2. In a medium mixing bowl place mix all the dry ingredients together. Add the the water, sugar, oil and vinegar. Beat on high for 1 minute. If the beaters jump around the bowl the dough is too stiff and you will need to add some water 1 Tbsp at a time until the dough softens up. You can also do this in a food processor.
3. Remove pans from oven and invert them, you will be baking the crusts on the bottom. Liberally spread rice flour on parchment paper (I didn't have any so I just did it on the back of the pan. This however is dangerous and I wished I'd had parchment paper, and plan to use it next time). Divide the dough into 2 portions (Note: I doubled the recipe, that is why there are 4 crusts in above photo). Spread each portion of the dough out on the flour into a 6" circle, making sure the dough is even thickness around and creating a thicker portion on the edge.

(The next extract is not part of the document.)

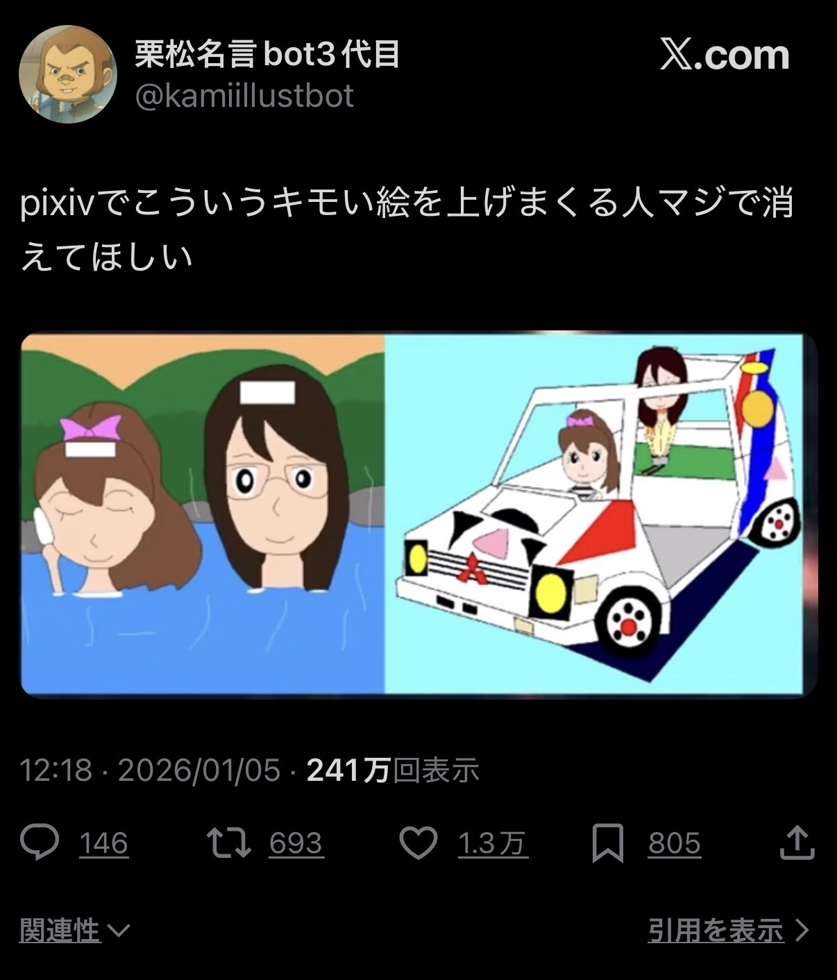 【悲報】アニメアイコン「pixivでこういうキモい絵を上げまくる人マジで消えてほしい」

4. Bake crusts for 10 minutes in the oven. They will be lightly browned.
5. Top with sauce and toppings. Bake for another 10-15 minutes until the top is nicely browned.
Roasted Tomato Pizza Sauce
2 Tbsp olive oil, divided2 C cherry tomatoes*
2 large tomatoes*, skinned** & coarsely chopped
salt & pepper
2 cloves of garlic, minced
1. Pour 1 Tbsp oil on a cookie sheet. Toss the cherry tomatoes in oil, salt & pepper. Place in a 425-degree oven for 30 minutes or until the tomatoes are browned and split.
2. Dump cherry tomatoes and regular tomatoes in a food processor or blender and process until only small pieces remain.
3. Heat remaining Tbsp of oil in a saucepan on medium heat, add garlic and cook for about 1 to 1-1/2 minutes. Add tomatoes. Bring to a boil and cook until thickened, about 20 minutes.
*You can just use a 28 oz can of crushed tomatoes if you want, but it won't be quite as tasty.
**Drop the tomatoes in a pot of boiling water for about 1 minute to easily remove the skins.
1 comment:
Love the idea of personal pizzas. Everyone gets their own! And great idea to freeze them. Thanks for the blog. It is always great to find other gluten free bloggers.